Really!?! Sweeeeeet.
I think Tom stayed up too late the night before with his super-model-girlfriend. You know what they say about women...

"Tom Brady, uber-quarterback, finally didn't come through in the clutch."
You said, didn't come through in the clutch. Hehehehehe.
Mmmmmm, frosty nipples from working when someone else was suppose to be working but you made all that over-time. Yeah baby.
Now lay down on a bed of cracker and let me sex you up under the ambience of Christmas-light-shimmer, leading you to recall how warm and snuggly it is inside of a womb, otherwise known as a uterus, where all dictators, despots and jingoistic American presidents came from or should I say cum from!?!
Yeah, I quack, smack, frag, drag, brag, fuck-myself-up. Going to bed now that it's 3:51 am. What?!? I did some laundry, folded clothes, did the dishes, some garbage and myself. What?!?
*Crosses fingers for a ice/snow day
Muah.

Adamity73 said...

"Now lay down on a bed of cracker and let me sex you up under the ambience of Christmas-light-shimmer...."

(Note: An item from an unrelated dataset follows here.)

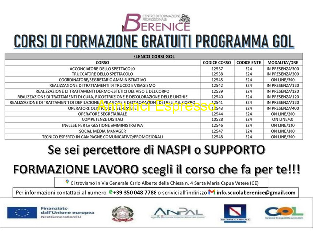 corso CORSI GRATUITI PROGETTO GOL ACCONCIATURA/ESTETICA/AMMINISTRAZIONE FINALMENTE A CATALOGO TUTTI I CORSI GRATUITI COL PROGETTO GOL PER I DESTINATARI WORKING POOR/NASPI/SUPPORTO FORMAZIONE LAVORO. 128188;TEORIA+STAGE=MAGGIORI COMPETENZE PER IL MONDO DEL LAVORO. Tutte le news sul nostro sito sezione CATALOGO DINAMICO GOL https://bereniceaccademy. wixsite. com/. . . /catalogo-dinamico. Se vuoi sapere se ne hai diritto scrivici Siamo sempre a disposizione dei nostri allievi 128187;Ti aiuteremo a compilare la domanda per partecipare ai nostri prossimi corsi in uscita. . . Santa Maria Capua Vetere (CE)
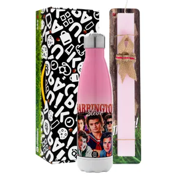 Steve Harrington, Stranger Things, Πασχαλινή Λαμπάδα με Μεταλλικό παγούρι θερμός Ροζ/Λευκό (Stainless steel), διπλού τοιχώματος, 500ml & κερί αρωματικό πλακέ (30cm) (ΡΟΖ)

Lay down on a bed of cracker. LMAO

I hope you had a nice refreshing sleep, hon. =o)

Anonymous said...

yeah, but we both agreed... Midnight to midnight. I don't feel that it was very friendly of you. So... You did tell George and Steve?

Adamity73 said...

Lisa: Yes. Yes, I did. I told both George and Steve. (Do you think I'm fibbing?) Steve knew about the midnight to midnight and his reasoning was that by the time everyone was ready to go it would have been after 12:00. And I told George about the agreement and he retorted that 2nd oncall was covering for 1st until 1st was ready, which I was. I didn't intentionally look to screw you. I couldn't say no to the call-out, for Criminey's sake. In fact, I even asked George if he'd called you first. I went out of my way to be sure that both the dispatcher and the supervisor knew the situation. That *is* friendliness and that *is* done with a conscience.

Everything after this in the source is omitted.